▽

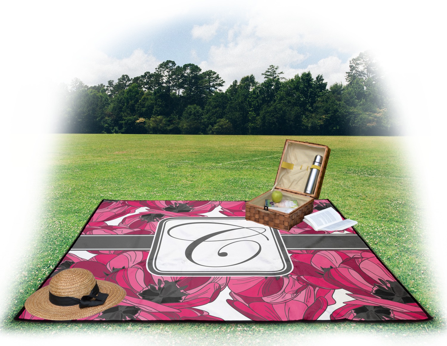 This picnic blanket is perfect for hanging out with your friends at the park or anywhere outside. The top of the blanket is made of a super soft microfiber fleece. The bottom of the blanket is made of a black material similar to a rain jacket and is water repellent as well. This will keep any wet spots on the ground from soaking through your picnic blanket. No one likes a wet blanket. The blanket measures at approximately 50" x 59" and has a nicely finished ribbon edge.
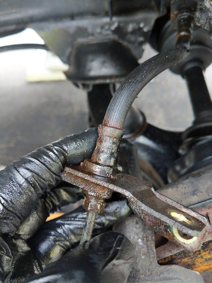 The flexible front brake hose is in two pieces that join together at the bracket halfway along its length.
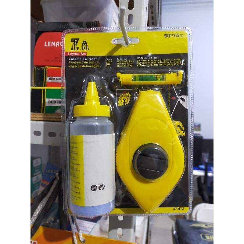 ZA Benang Sipatan 15m Line Level + Powder Tinta Layout Set Penggaris Benang Tukang Murah
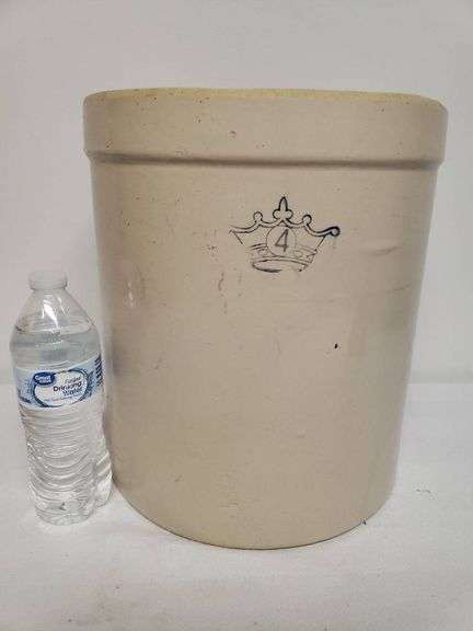 Stoneware crock featuring a crown design with the number '4' prominently displayed. The interior appears darkened, and the bottom is marked 'USA.' The crock is beige in color.
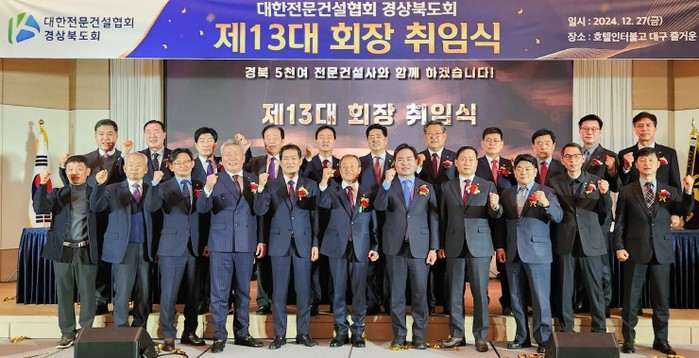 대한전문건설협회 경상북도회는 27일 인터불고호텔 대구에서 김학홍 경상북도 행정부지사, 배한철 경상북도의회 전반기 의장, 이성수 대한전문건설협회 수석부회장을 비롯한 시·도회장, 시군협의회장 등 150여 명이 참석한 가운데 제13대 최진현 회장 취임식을 개최했다.
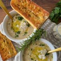 White beans bring a naturally creamy texture without the need for cream. Garlic—slowly sautéed until sweet and mellow—forms the backbone of the flavor, while fresh rosemary adds an earthy, piney aroma that instantly signals comfort. Finished with good olive oil and a squeeze of lemon, this soup is simple, soulful, and endlessly satisfying.
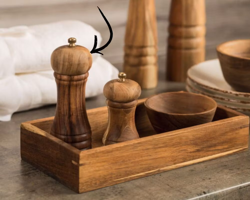 Denna gedigna salt- och pepparkvarn är designad för professionella kök och kombinerar stil och funktion. Tillverkad i FSC-märkt akaciaträ med ett pålitligt keramiskt malverk, vilket ger en lång livslängd och jämn malning. Malningsgraden kan enkelt justeras via metalknoppen på ovansidan, och kvarnen levereras med märkta knoppar för både salt och peppar.
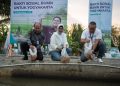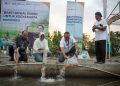 Direktur Compliance & Human Capital BSI Tribuana Tunggadewi (kiri kedua), Asisten Deputi Bidang Tanggung Jawab Sosial dan Lingkungan Kementerian BUMN Edi Eko Cahyono (kanan kedua), Staf Ahli Bupati Sleman Bidang Ekonomi dan Pembangunan Heru Saptono (kiri pertama), dan Tenaga Ahli Pengembangan Kawasan Agro Mina Park Frans Hero Making (kanan pertama) saat melakukan penebaran benih ikan nila sebanyak 125 kg dan memberikan 500 paket sembako di Desa Wisata Mina Padi Samberembe, Sleman, Yogyakarta. (14/08)
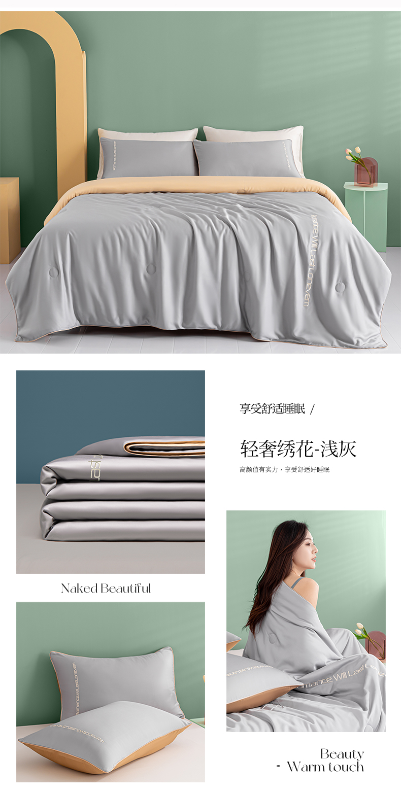 • 91家纺网 家纺一手货源 找家纺 子由家居 2025新款水洗真丝轻奢绣花系列夏被四件套 轻奢绣花-英伦灰

△

WORK REQUIRED: Copy only the part of the records that runs from the first line to the line with "White beans bring", ends included, leaving pictures out.

OUTPUT BELOW:
 This picnic blanket is perfect for hanging out with your friends at the park or anywhere outside. The top of the blanket is made of a super soft microfiber fleece. The bottom of the blanket is made of a black material similar to a rain jacket and is water repellent as well. This will keep any wet spots on the ground from soaking through your picnic blanket. No one likes a wet blanket. The blanket measures at approximately 50" x 59" and has a nicely finished ribbon edge.
 The flexible front brake hose is in two pieces that join together at the bracket halfway along its length.
 ZA Benang Sipatan 15m Line Level + Powder Tinta Layout Set Penggaris Benang Tukang Murah
 Stoneware crock featuring a crown design with the number '4' prominently displayed. The interior appears darkened, and the bottom is marked 'USA.' The crock is beige in color.
 대한전문건설협회 경상북도회는 27일 인터불고호텔 대구에서 김학홍 경상북도 행정부지사, 배한철 경상북도의회 전반기 의장, 이성수 대한전문건설협회 수석부회장을 비롯한 시·도회장, 시군협의회장 등 150여 명이 참석한 가운데 제13대 최진현 회장 취임식을 개최했다.
 White beans bring a naturally creamy texture without the need for cream. Garlic—slowly sautéed until sweet and mellow—forms the backbone of the flavor, while fresh rosemary adds an earthy, piney aroma that instantly signals comfort. Finished with good olive oil and a squeeze of lemon, this soup is simple, soulful, and endlessly satisfying.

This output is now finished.